Frick Bruno · Ständerat · Schwyz · Fraktion CVP/EVP/glp · 2007-12-04

Wortprotokoll

Ich hatte eigentlich vor, nichts mehr zu sagen, aber die beiden letzten Voten bewegen mich jetzt, im Namen der Kommission ganz kurz zu entgegnen.

Was bezüglich des administrativen Aufwandes ausgeführt wurde, ist nicht ein Votum gegen die Initiative, es ist ein Votum gegen den Steueraufschub an sich. Steueraufschub ist für einen Kanton immer mit administrativem Aufwand verbunden. Genauso, wie der Kanton vom Bürger für die Steuererklärung einen Administrativaufwand verlangt, teilweise einen sehr erheblichen, wie wir wissen, darf auch der Kanton in einem vernünftigen Mass von einem Administrativaufwand zu seinen Lasten, aber in der Wirkung zugunsten der Bürger, betroffen sein.

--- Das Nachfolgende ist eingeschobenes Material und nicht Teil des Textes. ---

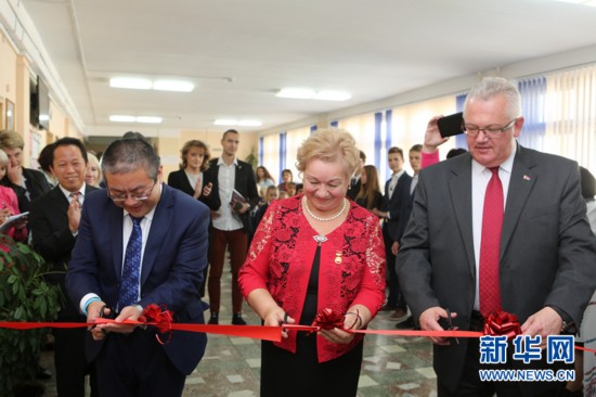 中國駐白俄羅斯大使館臨時代辦羅占輝(左)、白俄羅斯第12中學(xué)校長佩特魯莎(中)和白俄羅斯教育部長卡爾邊科共同為中國文化與文字中心剪彩。新華社記者魏忠杰攝
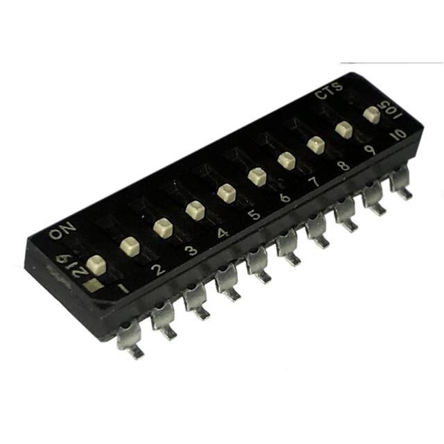 This is manufactured by CTS Electrocomponents. The manufacturer part number is 219-10MSF. Washable - no. It is assigned with possible HTSUS value of 8536.50.9065. The product is rohs3 compliant. The product offers long-lasting services of 2,000 cycles. Moreover, it has gull wing terminal style. The product has -55°c ~ 85°c operating temperature range. It is 0.170" (4.33mm) high above board. The product carries possible position value of 10. Features a raised actuator level. Moreover, the product has a nominal 20vdc voltage rating. In addition, it is reach unaffected. It is shipped in tube. Furthermore, the product is galvanized with excellent gold contact finishing. Its typical moisture sensitivity level is 1 (unlimited). Its accurate length is 1.058" (26.87mm). It has an integral spst circuit. It has a long 8 weeks standard lead time. Additionally, the product's output is 100ma The splendid features of the product include epoxy sealed terminals. The product is available in surface mount configuration. The product 219, is a highly preferred choice for users. The product carries slide (standard) actuator. Moreover, the product is 0.100" (2.54mm), full The product is made from sturdy beryllium copper materials. The product is designated with the ear99 code number

Im Kern geht es nur um folgende Frage: Wenn das Ersatzobjekt teurer ist als das verkaufte, wird die Steuer aufgeschoben. Dann fällt der ganze Administrativaufwand an. Wenn aber das Ersatzobjekt etwas billiger ist, soll die ganze Steuer fällig werden. Verkaufe ich ein Einfamilienhaus für 800 000 Franken und kaufe eines zum gleichen oder höheren Preis, ist die ganze Steuer aufgeschoben. Kaufe ich eines für 700 000 Franken, wird die ganze Steuer per sofort fällig. Das ist doch die Alternative, vor der wir stehen. Diese Schwierigkeit mildert die Initiative Hegetschweiler, und das ist der Grund, ihr Folge zu geben. Es wurde gesagt, das Geld sei nicht mehr vorhanden. Nein, denn das Geld ist in aller Regel als Substanz im Ersatzobjekt investiert! Und beim Verkauf des zweiten Objektes wird dann die Steuer fällig. Steuern müssen bezahlt werden; die Bemerkung von Frau Sommaruga ist richtig. Für die Kantone ergeben sich keine Steuerausfälle. Die Frage ist nur: Soll der Wohneigentümer, der steuerpflichtige Bürger, vom Aufschub profitieren können, ja oder nein? Die Initiative wird dem wesentlich besser gerecht.